Description : Carrowmore (Irish: An Cheathrú Mhór, 'the great quarter') is a large group of megalithic monuments on the Cúil Irra peninsula near Sligo, Ireland. They were built in the 4th millennium BCE, during the Neolithic era. There are thirty surviving tombs, placing Carrowmore among the largest and oldest complexes of megalithic tombs in Ireland. It is considered one of the 'big four' along with Carrowkeel, Loughcrew and Brú na Bóinne. Carrowmore is the heart of an ancient ritual landscape which is dominated by the mountain of Knocknarea to the west.

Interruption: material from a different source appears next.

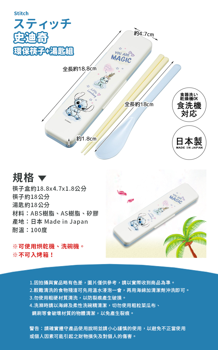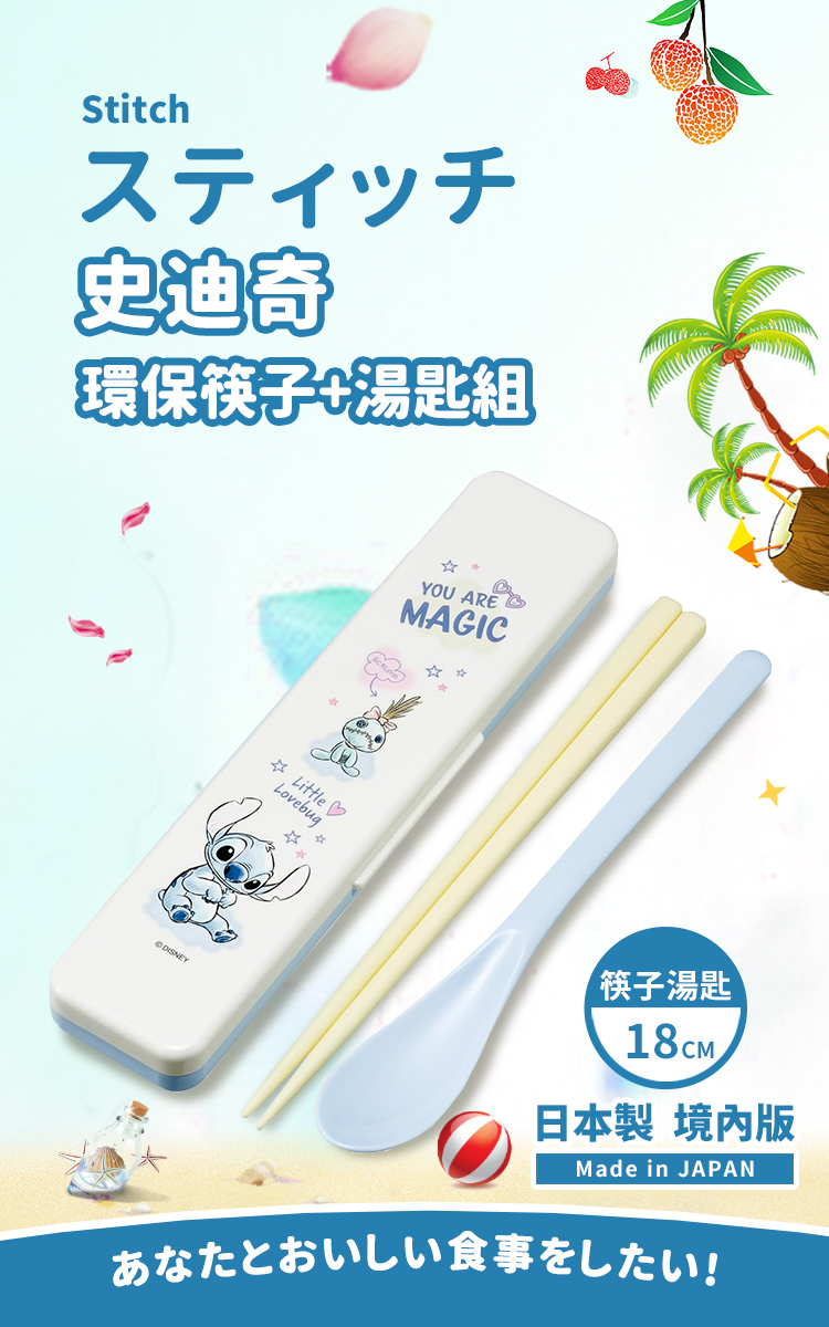【百科良品】日本製 迪士尼 史迪奇 手繪風 環保筷子+湯匙組 18CM(日本境內版)

It is a protected National Monument. Radiocarbon Dates Radiocarbon dates from the survey and excavation project in the 1970s, 80s and 90s by Professor Göran Bürenhult generated some controversy at the time, as Burenhult interpreted the dates to indicate that the monuments were erected and used by a hunter gatherer community. For example, a sample taken from the chamber of Carrowmore 3 (called Tomb 4 by Burenhult) was claimed to indicate a date of 5400 BC. Burenhult's theory of Mesolithic tomb builders, first presented in 1982, received critical revision in the quarter century that followed. A source critical review and 25 new radiocarbon dates demonstrated that the Carrowmore monuments are shown to have spanned the era circa 3750 BC to circa 3000 BC. This data set is supported by palaeo-environmental studies in adjacent lakes conducted by Stolze, O'Connell, Ghilardi and others, showing farming activity coincident with or preceding monument use.